Do You Believe in Magic? Topol, Offit on Alternative Medicine

; Paul A. Offit, MD

Disclosures

October 02, 2013

In This Article

The Oprah Effect

Dr. Topol: Another part of the story that seems to have had a big impact in the United States is the Oprah effect of creating monsters, if you will -- although you didn't use that term, I don't think. But there are 3 physicians that she kind of brought to the floor. We are going to talk about celebrities in a minute, but Oprah brought 3 physicians to the forefront: Mehmet Oz, Andrew Weil, and Deepak Chopra. And it seems like all 3 of them, as you reviewed in your book, had a big amplification of their impact -- if not even the beginning of their stardom -- with Oprah. Do you want to comment about that?

Dr. Offit: Oprah has a tremendous stage, and she has been very good about many things -- especially, for example, getting this country to read more than they would have otherwise. She is a sympathetic figure who likes to promote people whom she views as potential victims, and in that way she has been very good.

But with regard to science and medicine, she has been pretty awful. She was on the cover of Newsweek with a picture that made her look frankly a little crazy -- and it read just that. [Editor's note: The cover story of the June 8, 2009, issue of Newsweek was "Crazy Talk: Oprah, Wacky Cures, & You."] It was sort of Oprah's crazy science. She gave birth to Jenny McCarthy in many ways and Jenny McCarthy's notions that vaccines could cause autism. And she has given birth to Deepak Chopra -- certainly launched Deepak Chopra and such people as Mehmet Oz -- and she likes at some level the guru phenomenon.

I think that is what Oz and Chopra and Weil all have in common. They sort of present this notion of medicine as a guru, sort of, "Listen to me." And medicine is not that. I mean, science is viewed by some as distant, technological, and cold. What people like Oprah, and like Oz, Chopra, and Weil, do is imbue their medicine with a kind of spirituality. It becomes a matter of them and their personality rather than the data, which is always a little dangerous.

Dr. Topol: Why do you think they are so successful? Is there just this extraordinary need to have the wise leader and the spirituality? Is there a craving for that out there? What do you think is the real underpinning?

Dr. Offit: I think that is it. I don't know if you remember the TV show Star Trek, but there was the doctor on that show -- Bones McCoy. He would take this scanning device, and he would scan up and down, look on that device, and that was the diagnosis. It was immutable. It was clear. There wasn't any question about it, and that is just not medicine.

With medicine, we certainly will know far more 100 years from now than we know now. There is much about medicine that stymies us, but that is not these guys. People like Oz and Chopra and Weil have a certain surety and immutability that I think is very attractive because the fact is that medicine does have limits, and yet that is all we have right now. They sort of go to a level beyond that, and I think that is extremely attractive.

People will say you can't trust science because, for example, one study will show one thing, and then that study will be shown to be incorrect. And you and I would argue that that is good. That means that science is self-correcting. We can take a textbook and throw it over our shoulder without a backward glance as we get more and more information, but to some people that mutability and fluidity is viewed as disconcerting. They want something that is surer, and these people provide that in their books. You look at Andrew Weil's books. He tells you how to be a friend, he tells you how to make low-fat salad dressing, he tells you how to live your life -- and that is attractive.

A Look at Fish Oil

Dr. Topol: You gave a pass to certain things in your book, which I was a little surprised about. For example, you were kind to fish oil. And you probably saw the big paper in the New England Journal of Medicine ? It was a big Italian study that showed that fish oil didn't do anything for preventing heart disease. Would you revise? Would you be a little tougher on fish oils if you were to get the most updated information, or do you still think there is a place for fish oil?

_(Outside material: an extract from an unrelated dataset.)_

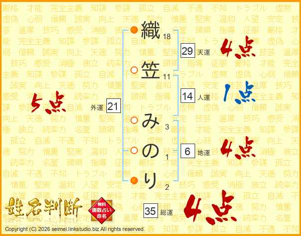 織(18画)笠(11画) み(3画)の(1画)り(2画)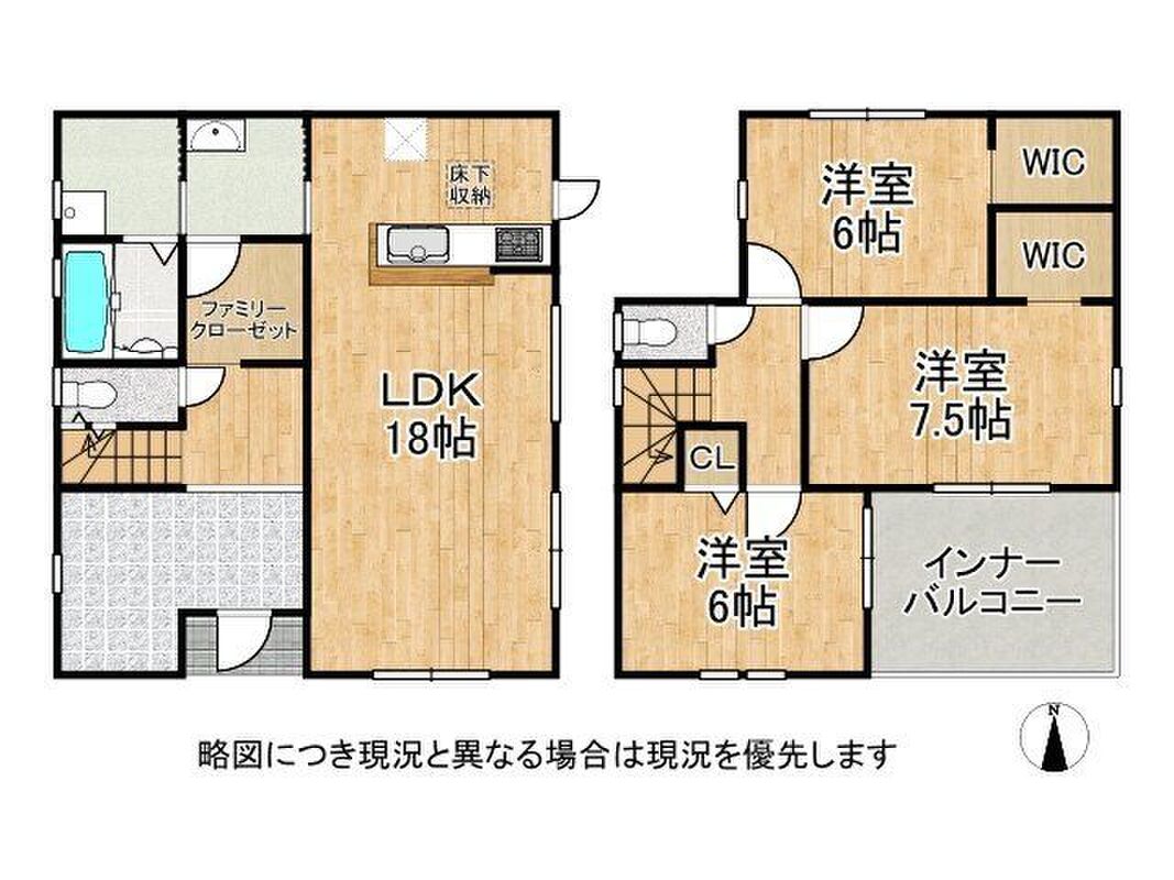 - 3LDK・4LDKLDK16帖・18帖 駐車2台 和室 床下収納 2面採光 全居室収納スペース 廊下収納 リビング収納 全洋室6帖以上

Dr. Offit: Absolutely. Harper Collins is the publisher; it is a big publisher. This book was written a year and a half ago, so it takes a while to get those books out. I absolutely would revise it, and there were some recent studies that showed that at least the antioxidant part of omega-3 fatty acids actually could increase your risk for such things as cancer, so I absolutely would revise it. That is the problem with books -- they are written at a specific point in time.